Content starts

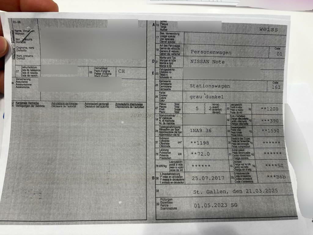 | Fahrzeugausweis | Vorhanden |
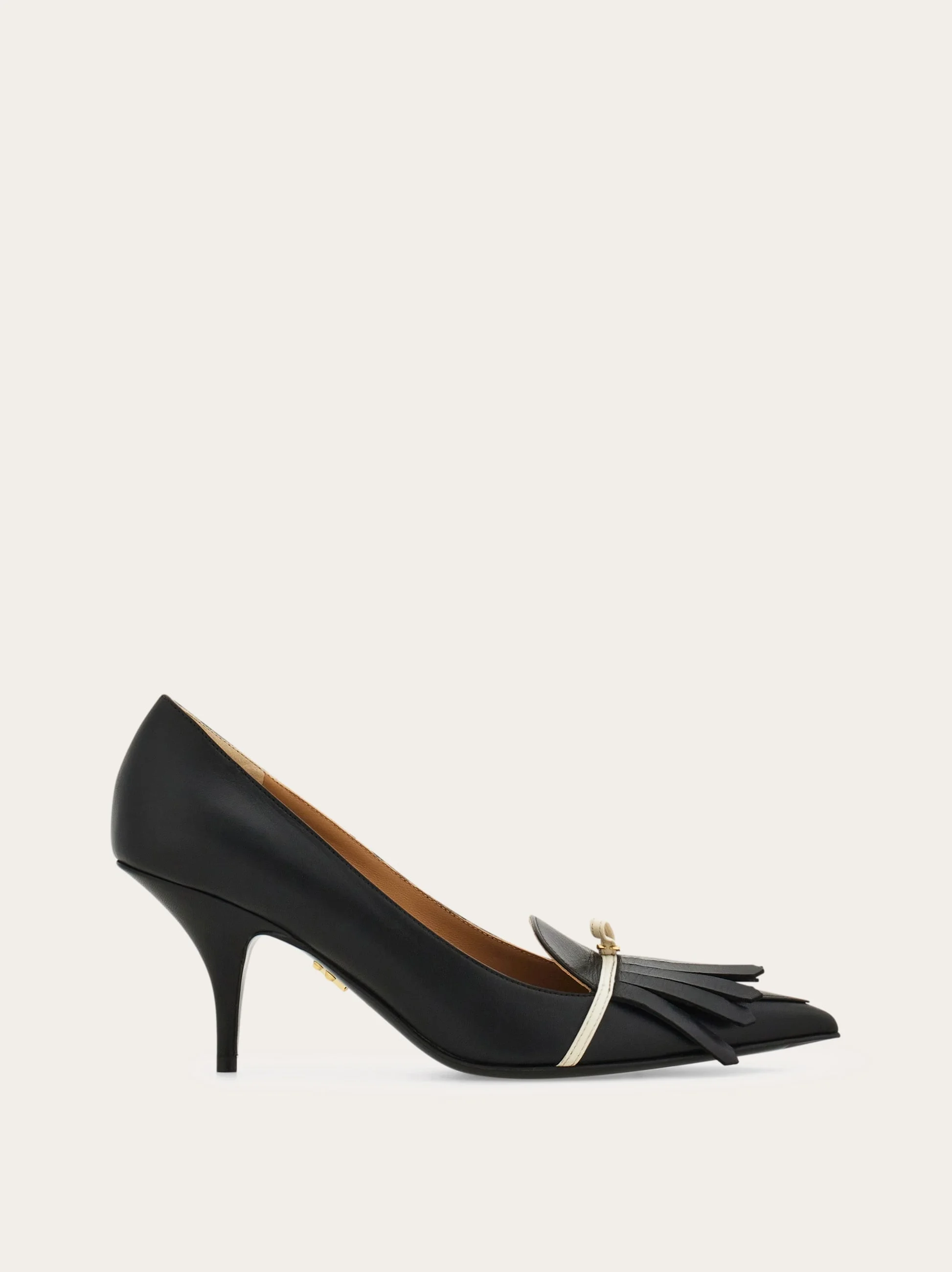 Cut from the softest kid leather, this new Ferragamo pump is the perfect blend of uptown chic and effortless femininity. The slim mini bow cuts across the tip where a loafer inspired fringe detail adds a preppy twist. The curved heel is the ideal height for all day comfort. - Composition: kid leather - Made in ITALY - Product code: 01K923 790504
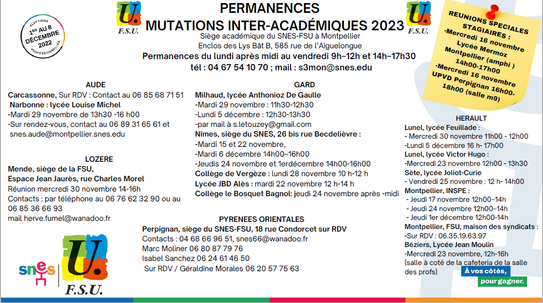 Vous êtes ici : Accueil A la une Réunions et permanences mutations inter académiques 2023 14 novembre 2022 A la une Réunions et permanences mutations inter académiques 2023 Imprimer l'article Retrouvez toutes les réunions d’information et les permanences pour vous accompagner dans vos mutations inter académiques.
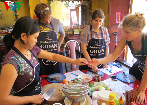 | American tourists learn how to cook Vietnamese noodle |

Content ends

▶ [Required action]:
Transcribe, without alteration, each line from the one with "Cut from the" through the last line of the data; no pictures belong in the copy.

▶ [Written solution]:
 Cut from the softest kid leather, this new Ferragamo pump is the perfect blend of uptown chic and effortless femininity. The slim mini bow cuts across the tip where a loafer inspired fringe detail adds a preppy twist. The curved heel is the ideal height for all day comfort. - Composition: kid leather - Made in ITALY - Product code: 01K923 790504
 Vous êtes ici : Accueil A la une Réunions et permanences mutations inter académiques 2023 14 novembre 2022 A la une Réunions et permanences mutations inter académiques 2023 Imprimer l'article Retrouvez toutes les réunions d’information et les permanences pour vous accompagner dans vos mutations inter académiques.
 | American tourists learn how to cook Vietnamese noodle |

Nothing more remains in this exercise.